Crucé el pasillo y encontré a Dominique Kohl en el dormitorio principal. Estaba tendida de espaldas en la cama. Totalmente desnuda. Le habían arrancado la ropa. La habían golpeado en la cara hasta dejarla grogui y luego habían hecho con ella una carnicería. Le habían cortado los pechos con un cuchillo grande. Vi el cuchillo. Se había abierto paso hacia arriba a través de la blanda carne hasta la barbilla y luego a través del paladar hasta el cerebro.
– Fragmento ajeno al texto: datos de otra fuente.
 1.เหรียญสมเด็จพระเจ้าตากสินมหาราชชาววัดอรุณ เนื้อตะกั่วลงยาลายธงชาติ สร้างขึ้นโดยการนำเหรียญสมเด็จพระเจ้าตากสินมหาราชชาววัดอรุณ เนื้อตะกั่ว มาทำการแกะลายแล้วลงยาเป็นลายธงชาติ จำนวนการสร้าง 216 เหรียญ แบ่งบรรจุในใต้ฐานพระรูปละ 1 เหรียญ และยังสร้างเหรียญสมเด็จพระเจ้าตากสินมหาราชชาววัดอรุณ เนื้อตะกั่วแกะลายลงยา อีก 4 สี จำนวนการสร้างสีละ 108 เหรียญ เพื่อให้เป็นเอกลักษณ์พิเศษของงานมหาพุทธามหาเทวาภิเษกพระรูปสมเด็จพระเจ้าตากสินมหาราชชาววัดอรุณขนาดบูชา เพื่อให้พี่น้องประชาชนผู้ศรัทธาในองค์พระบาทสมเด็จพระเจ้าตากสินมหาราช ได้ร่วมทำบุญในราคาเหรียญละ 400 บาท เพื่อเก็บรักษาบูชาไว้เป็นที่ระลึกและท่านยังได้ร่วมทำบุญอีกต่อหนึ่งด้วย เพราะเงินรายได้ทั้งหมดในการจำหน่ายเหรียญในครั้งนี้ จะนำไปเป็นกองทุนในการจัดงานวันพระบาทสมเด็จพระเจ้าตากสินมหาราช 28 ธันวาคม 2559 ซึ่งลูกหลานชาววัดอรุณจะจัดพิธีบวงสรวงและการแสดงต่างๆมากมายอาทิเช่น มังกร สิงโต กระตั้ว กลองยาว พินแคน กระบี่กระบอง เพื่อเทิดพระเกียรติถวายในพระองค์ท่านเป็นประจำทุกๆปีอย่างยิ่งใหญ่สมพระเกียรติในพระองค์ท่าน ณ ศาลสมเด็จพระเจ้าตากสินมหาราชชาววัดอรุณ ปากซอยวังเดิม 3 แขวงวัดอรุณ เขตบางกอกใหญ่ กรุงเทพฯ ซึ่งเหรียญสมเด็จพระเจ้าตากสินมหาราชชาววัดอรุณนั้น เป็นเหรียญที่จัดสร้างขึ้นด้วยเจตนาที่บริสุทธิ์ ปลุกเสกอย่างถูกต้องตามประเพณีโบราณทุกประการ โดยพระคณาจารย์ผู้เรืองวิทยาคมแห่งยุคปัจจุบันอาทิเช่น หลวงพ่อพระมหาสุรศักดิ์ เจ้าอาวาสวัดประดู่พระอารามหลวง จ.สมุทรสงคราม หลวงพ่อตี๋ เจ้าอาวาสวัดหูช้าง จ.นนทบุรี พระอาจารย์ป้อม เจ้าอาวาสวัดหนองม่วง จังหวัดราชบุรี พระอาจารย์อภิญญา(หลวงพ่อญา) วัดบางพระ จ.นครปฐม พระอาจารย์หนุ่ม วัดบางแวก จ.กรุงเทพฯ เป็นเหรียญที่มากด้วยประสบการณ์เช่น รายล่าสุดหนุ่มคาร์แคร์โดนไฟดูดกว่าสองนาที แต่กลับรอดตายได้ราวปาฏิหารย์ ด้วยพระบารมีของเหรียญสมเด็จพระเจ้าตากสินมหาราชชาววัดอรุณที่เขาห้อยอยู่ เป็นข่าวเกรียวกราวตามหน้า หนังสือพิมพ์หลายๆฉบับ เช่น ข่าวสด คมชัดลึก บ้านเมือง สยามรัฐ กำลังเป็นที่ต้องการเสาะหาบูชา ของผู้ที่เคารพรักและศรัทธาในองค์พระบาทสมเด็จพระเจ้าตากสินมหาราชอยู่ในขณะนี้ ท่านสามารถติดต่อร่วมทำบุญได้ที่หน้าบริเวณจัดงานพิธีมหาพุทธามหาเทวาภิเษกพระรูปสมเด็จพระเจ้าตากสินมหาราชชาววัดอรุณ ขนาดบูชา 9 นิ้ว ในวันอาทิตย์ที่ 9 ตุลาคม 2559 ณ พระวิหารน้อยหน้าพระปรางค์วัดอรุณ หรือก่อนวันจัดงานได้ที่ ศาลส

Yo había visto muchas cosas en la vida. En una ocasión, tras un ataque terrorista, me encontré con parte de la mandíbula de otro hombre hundida en mi estómago. Tuve que limpiarme los ojos de carne y así poder ver lo suficiente para alejarme a cuatro patas. Me arrastré veinte metros entre piernas y brazos cortados mientras mis rodillas chocaban con cabezas seccionadas al tiempo que me apretaba el abdomen con fuerza para impedir que se me saliesen los intestinos. Había visto homicidios y accidentes y peleas entre hombres armados con metralletas y personas reducidas a una masa rosada tras explosiones y bultos retorcidos y ennegrecidos en hogueras. Pero jamás había visto nada como el destrozado cuerpo de Dominique Kohl. Vomité y, por primera vez en más de veinte años, me eché a llorar.
– ¿Y ahora, qué? -preguntó Villanueva diez años después.
– Entraré solo -dije.
– Voy contigo.
– No discutamos. Sólo acércame un poco. Y conduce muy despacio.
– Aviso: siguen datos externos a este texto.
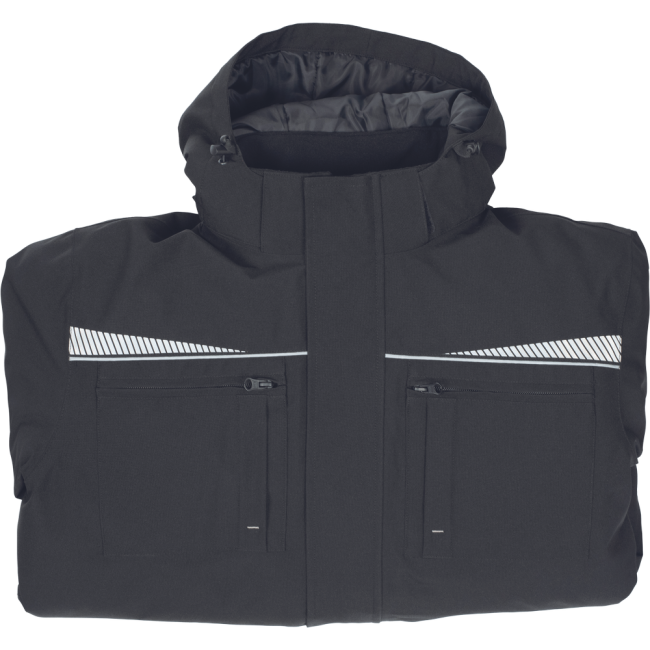 Зимняя куртка EMERTON STR выполнена из 100% полиэстера (210 г/м²) с покрытием TPU, обеспечивающим водонепроницаемость и износостойкость. Внутренняя подкладка и утеплитель изготовлены из 100% полиэстера, что гарантирует тепло и комфорт в холодную погоду. Куртка оснащена съёмным утеплённым капюшоном, застёжкой-молнией с ветрозащитной планкой на липучке, двумя боковыми карманами на молнии, двумя нагрудными и двумя внутренними карманами. Эластичные манжеты на рукавах обеспечивают удобную посадку. Светоотражающие элементы и отделка повышают безопасность и заметность.

Era un coche gris en un día gris, y los objetos que se mueven despacio se perciben peor que los que van deprisa. Villanueva levantó el pie del freno, pisó ligeramente el acelerador y empezó a desplazarse a unos quince por hora. Comprobé la Beretta y los cargadores de recambio. Cuarenta y cinco balas menos dos disparadas al techo de la habitación de Duke. Inspeccioné las Persuader. Catorce balas, menos una disparada al estómago de Harley. Un total de cincuenta y seis contra menos de dieciocho personas. Yo no sabía quién había en la lista de invitados, pero en todo caso seguro que Emily Smith y Harley no se presentarían.
– Hacerlo solo es una estupidez -soltó Villanueva.